Censored News routinely receives requests from book authors and television reporters that is summed up this way: "I'm coming out to Tucson and want to make lots of money off of the stories of people at the border. I'm not going to pay them anything, not even their gas money or buy them a cup of coffee, but I expect Tohono O'odham to show up in Tucson and let me profiteer from the abuse they endure from the US Border Patrol. I also want to profiteer from O'odhams' life stories. They need to tell me everything they know. No, I'm not willing to spend any time there. I'm flying in, and getting out fast."

As for the print reporters, few ever even bother to show up.

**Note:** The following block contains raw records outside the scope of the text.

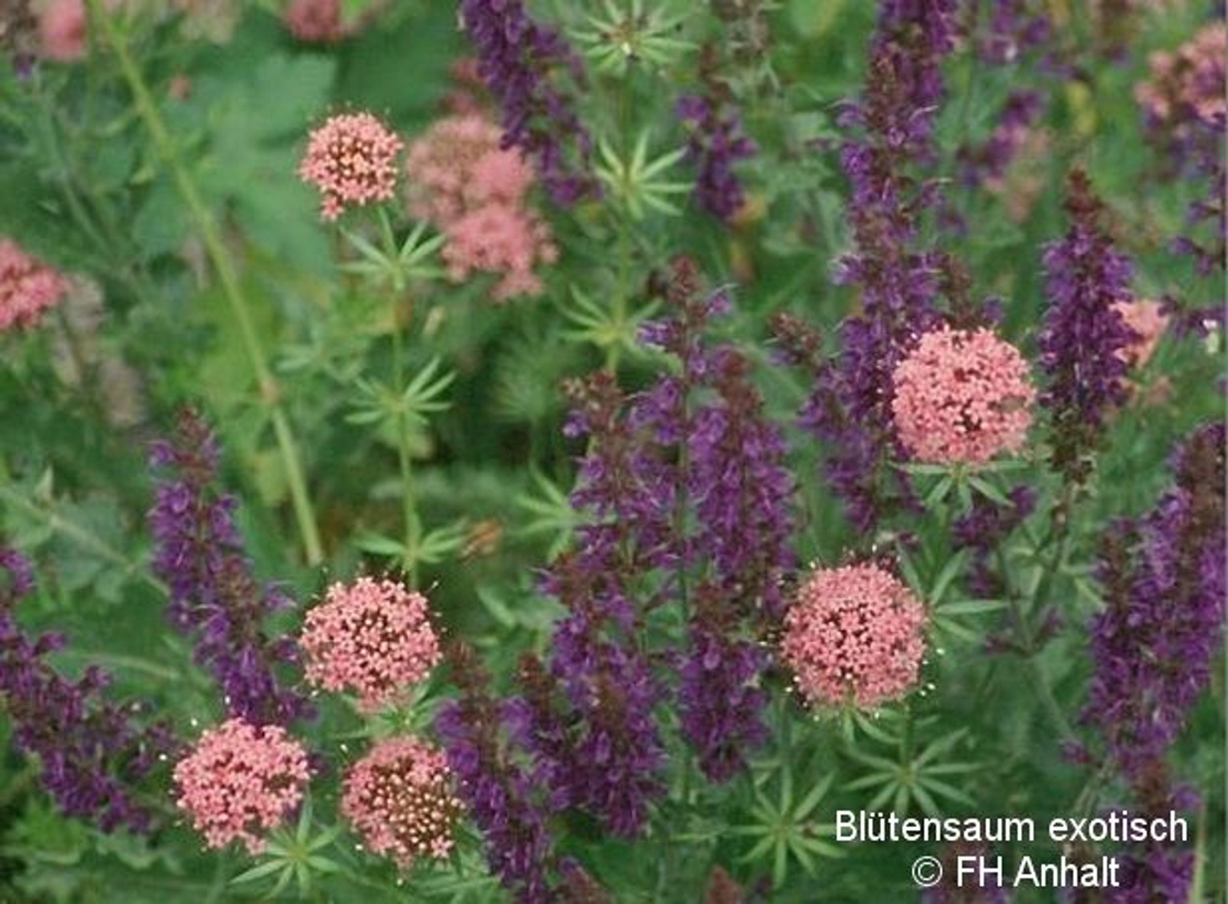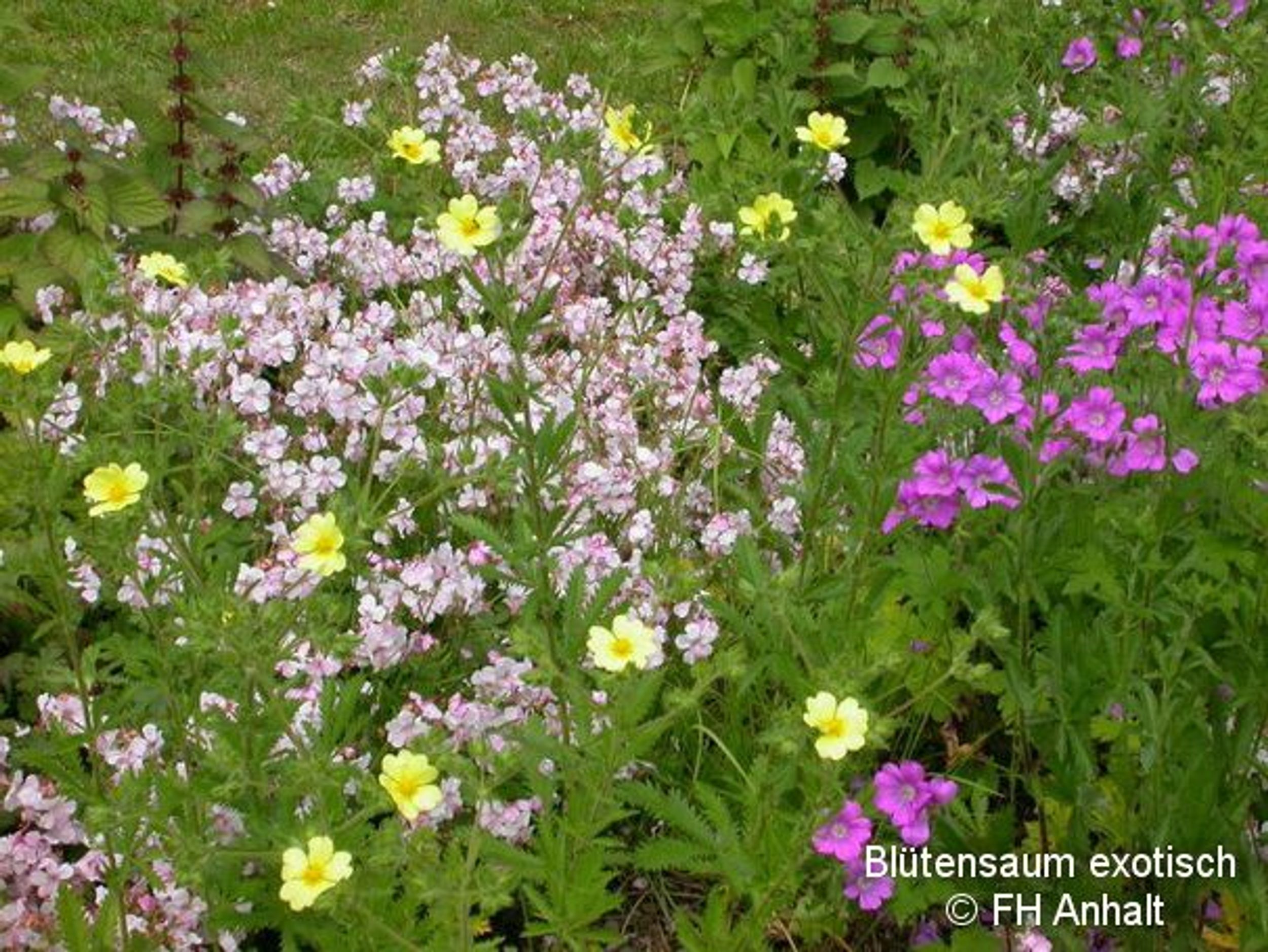 Dichte Bodendecker bilden das Grundgerüst dieser Pflanzung, die Blüte ist gleichmäßig über das Jahr verteilt. Die weißen und blauen Frühlingsveilchen schließen an die Farbe der weißen und blauen Blausternchen an, Wildtulpen unterstreichen den exotischen Charakter bereits im Frühjahr. Der bekannte Ziersalbei wird mit den eher seltenen Tigerglocken kombiniert. Auch der Rosenwaldmeister ist eine nicht alltägliche Staude, dabei sehr robust und verbreitet sich gut. Wegen seines intensiven Geruchs sollte er nicht genau vor dem Schlafzimmerfenster stehen – ist aber im Garten in keiner Weise störend! Auch Aster frikartii ‚Mönch’ ist selten im Sortiment vertreten, dabei eine sehr dankbare Sommeraster. Geranium gracile ‚Sirak’ ist vielen unbekannt, die pinkfarbenen Blüten mit der intensiven Aderung unterstreichen den exotischen Charakter der Pflanzung.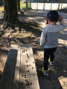 晴れていたらもっときれいな写真になったのですが…曇天で少し肌寒い中、遊具やボールで遊びました。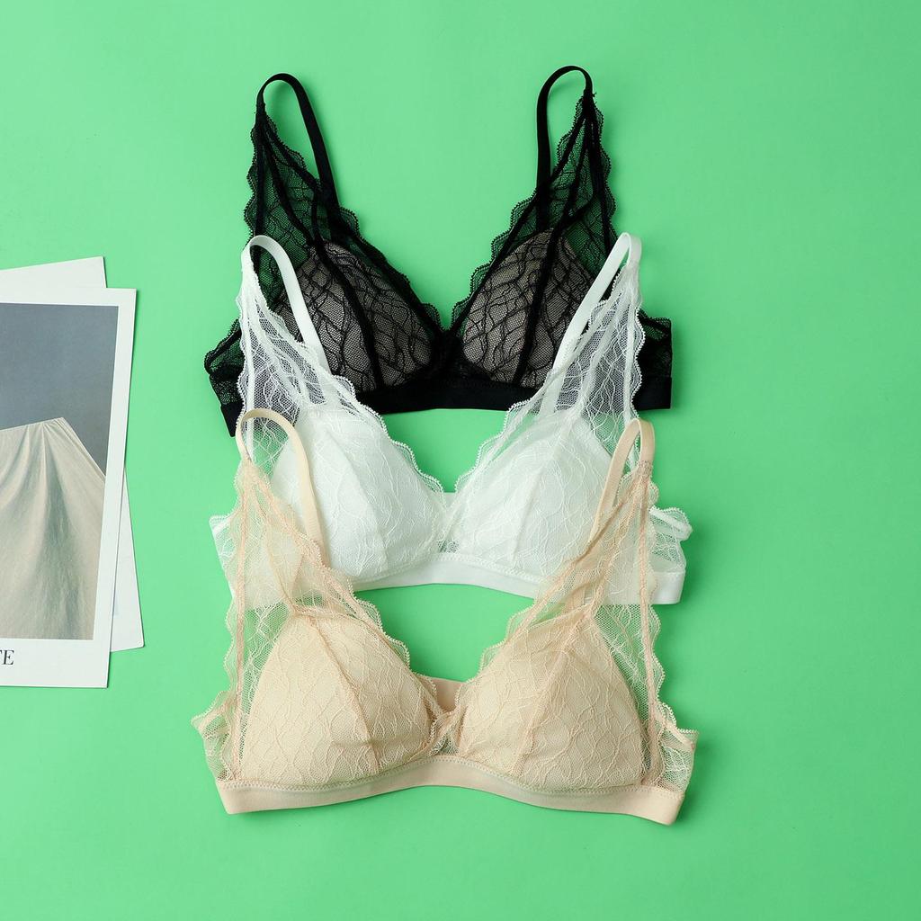 Triangle Cup Lace Wireless Bra - 100% Mulberry Silk, Sexy & Lightweight for Summer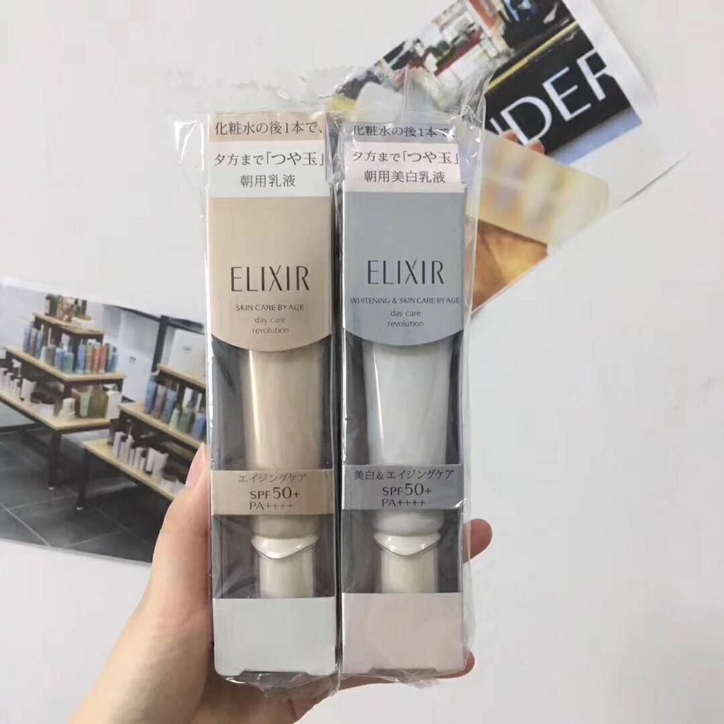 - Shiseido Elixir Day Care Revolution có chỉ số SPF 50+/PA++++ rất cao công dụng chống lại sự tác động của tia cực tím với làn da, có thể được xem như là một loại kem chống nắng.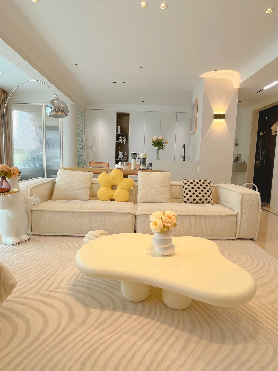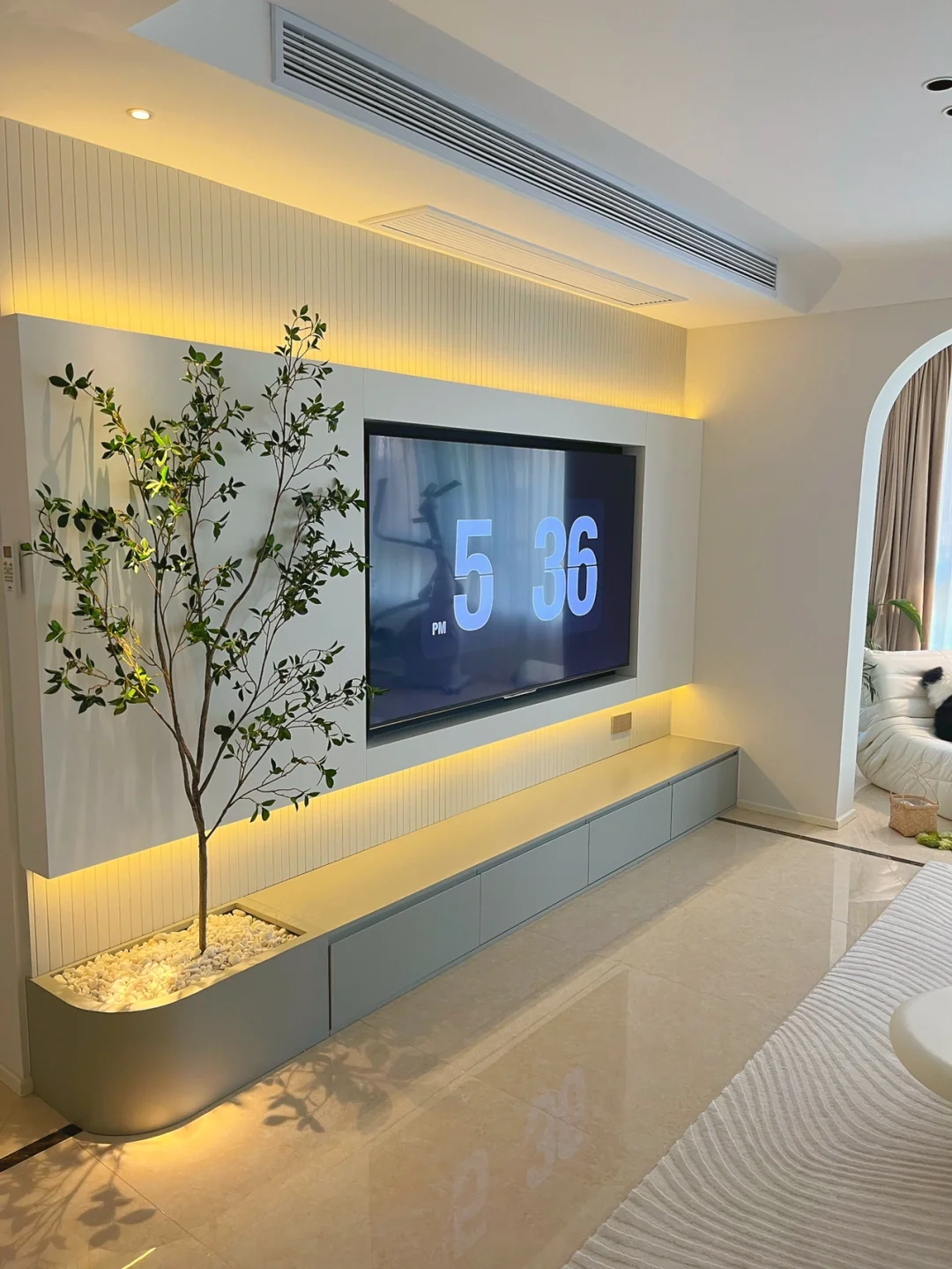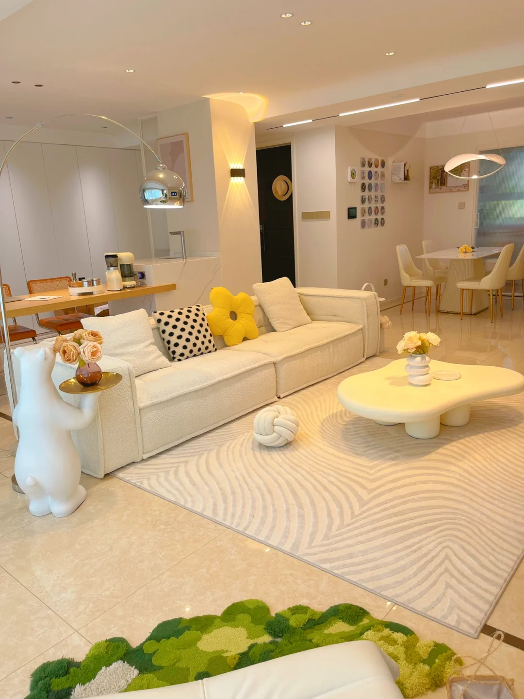 我家做的无主灯,相比吊灯,显得更开阔。客厅整体吊了平顶,茶几、岛台还有衣柜上方用的射灯,用来重点照明,其余部分用的筒灯,负责基础照明。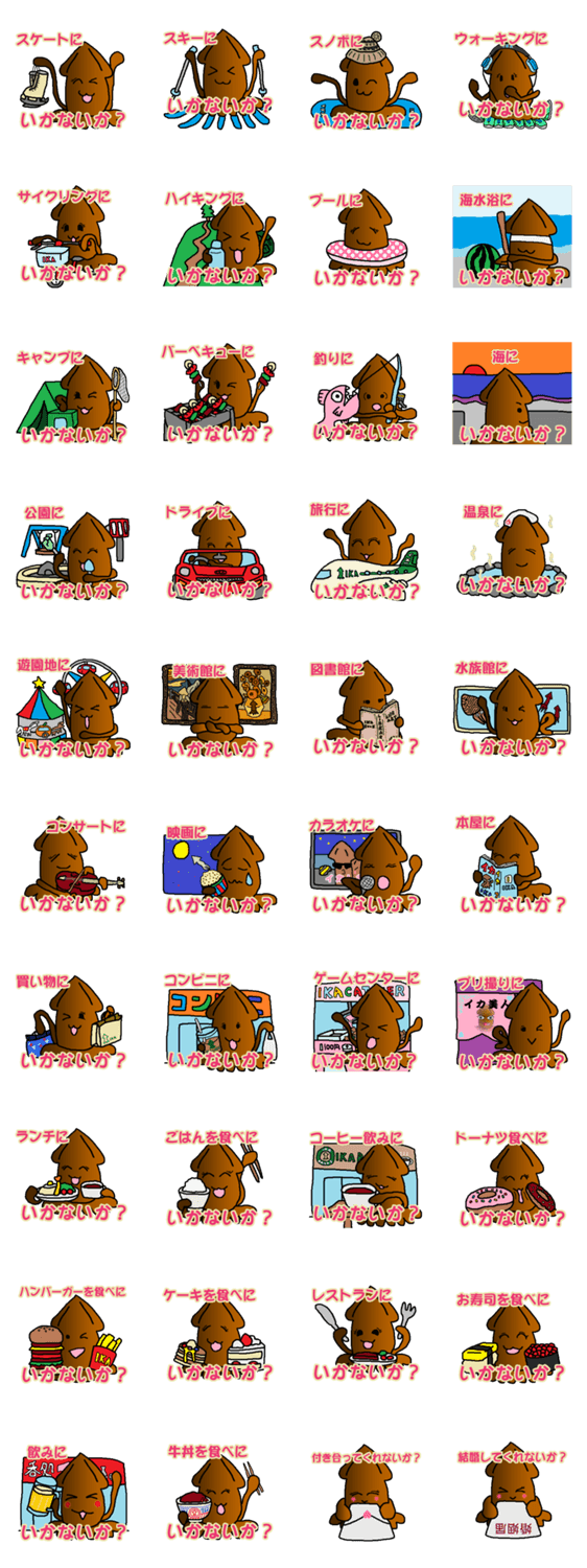 イカのスタンプです!「イカ」と「いかないか」をダジャレ風にし、友達や恋人を気軽に遊びやデートにお誘いする為のスタンプです!告白や求婚はよ~く考えて使ってねww

Read Ecoffey's column online, "Native Sun News is a Forum for Native Writers:" http://indianz.com/News/2013/009476.asp

Thank you to the online Rez Rats for their message to Censored News about Ecoffey's work. Rez Rats sums up Ecoffey's column on Instant Indians this way: "How those who are Indian on paper -- the ones who do not have an understanding of how an issue will play out and will not feel the impact of policy choices -- hijack the conversation."

Finally, thank you to all of you who show up and be present when it is most important. Thank you also those of you who write from your own genuine life experiences.

Brenda Norrell has been a news reporter in Indian country for 31 years. During the 18 years that she lived on the Navajo Nation, she was a reporter for Navajo Times, and a stringer for AP and USA Today. After serving as a longtime staff reporter for Indian Country Today, she was repeatedly censored, then terminated. She began Censored News as a result. It is now in its 7th year, with no advertising.